Sans conflit majeur depuis 2018, assure un garde forestier, AZM Hasanut Rahman. Mais "l'empreinte humaine s'est élargie et a dégradé les conditions de vie de nombreuses espèces, dont les tigres", résume M. Chowdhury.

La chasse et le braconnage constituent l'autre menace qui pèse sur les félins.

La Constitution du Bangladesh garantit depuis 1972 la protection de la biodiversité. Et depuis 2012, une loi punit ceux qui tuent un éléphant ou un tigre de sept ans d'emprisonnement et d'une lourde amende.

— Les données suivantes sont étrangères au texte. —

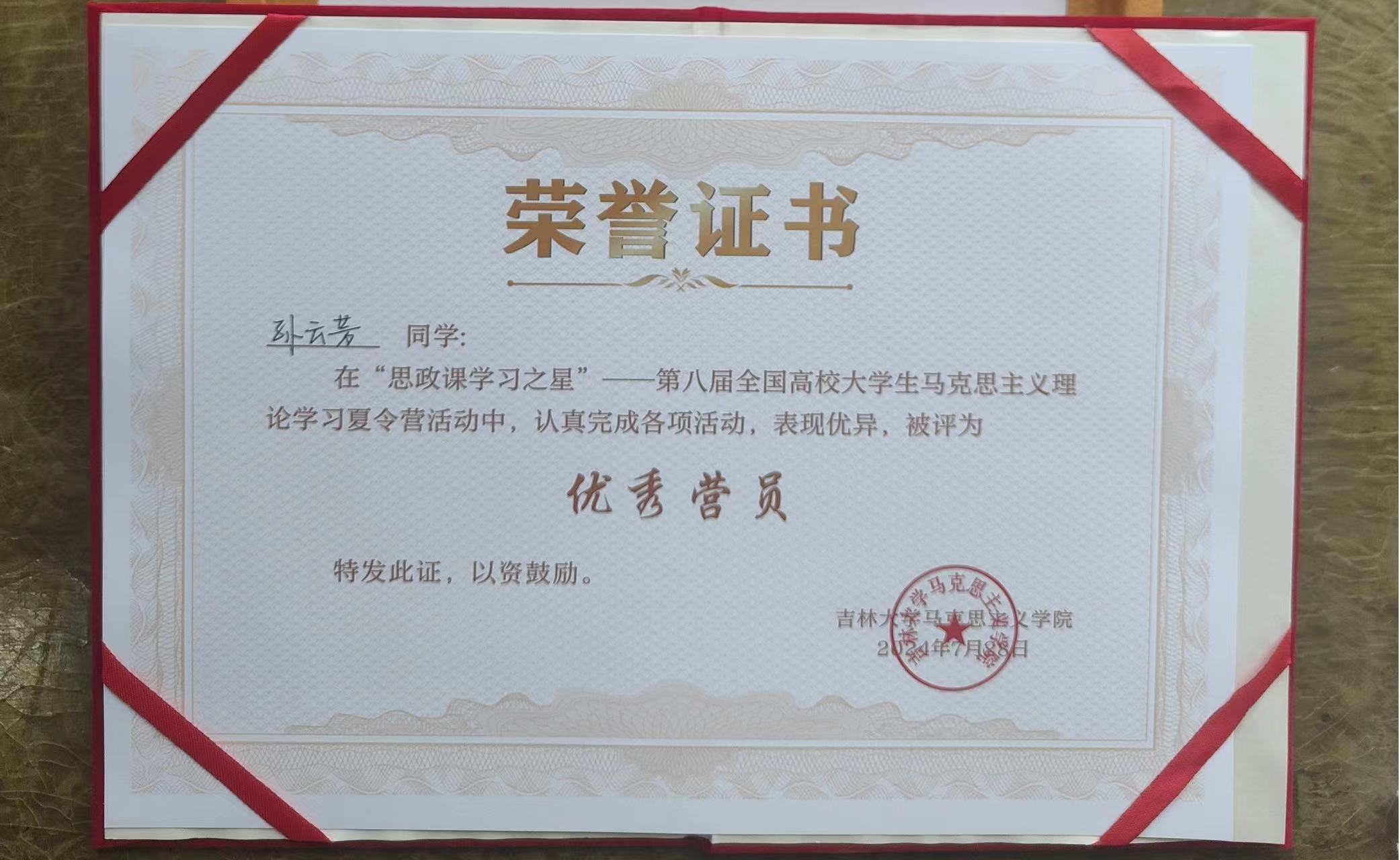本网讯(通讯员:孙云芳)为深入学习贯彻落实习近平总书记关于学校思政课建设的重要指示,全面落实新时代学校思政课推进会精神,守正创新推动思政课建设内涵式发展,不断提高思政课的针对性和吸引力,第八届全国高校大学生马克思主义理论学习夏令营活动于7月21日至28日在吉林省长春市成功举办。本次活动由教育部高校思政课教学指导委员会主办,吉林大学承办,“青梨派”、全国“大思政课”实践教学数字地图协办。经安徽省教育厅遴选推荐,我校小学教育1班孙云芳同学获参营资格并荣获“优秀营员”称号。

Dissuasif ? Apparemment pas. En janvier encore, un tigre du Bengale a été retrouvé pris dans un piège.

Les braconniers continent à hanter les forêts en quête de peau, de dents ou d'os de tigres, prisés des tenants de la médecine traditionnelle chinoise ou des collectionneurs du monde entier.

Selon l'expert Nasir Uddin, plusieurs groupes criminels se partagent ce juteux marché.

- "Ecosystème menacé" -

"Parfois, ils tuent des tigres sur un ordre venu du Bangladesh ou d'ailleurs. Parfois ils le font aussi pour se protéger des tigres qui pourraient les attaquer", détaille-t-il.

La chasse d'autres proies menace également les félins, comme celle des cerfs, qui constituent 80% de leur régime. Une étude a estimé en 2013 à 11.000 le nombre de cerfs abattus chaque année dans la région.

"Si un tigre est tué dans les Sundarbans, tout l'équilibre de l'écosystème est menacé. Et si un cerf est tué, c'est toute la chaîne alimentaire qui est perturbée", résume le Pr. Aziz. "Ca peut pousser le tigre à s'approcher des villages et à les attaquer".

Et le dérèglement climatique n'arrange rien. En plus d'accélérer la montée des eaux et d'augmenter le nombre d'épisodes météorologiques violents, il redessine ou élargit les lits des cours d'eau, perturbant les zones de chasse des félins.

"On leur a creusé des mares pour qu'ils puissent boire, mais on a vu des braconniers y déposer de la nourriture empoisonnée", souligne le conservateur Chowdhury.

Le nombre de tigres répertoriés dans le monde est passé de 3.200 en 2010 à plus de 5.500 en 2023, selon le Fonds mondial pour la nature (WWF).

Alors, en dépit de ces difficultés, le Dr Abishek Harihar, de l'ONG Panthera, reste optimiste. "Les efforts de préservation ont empêché la chute du nombre de tigres et permettront peut-être la survie de l'espèce à long terme".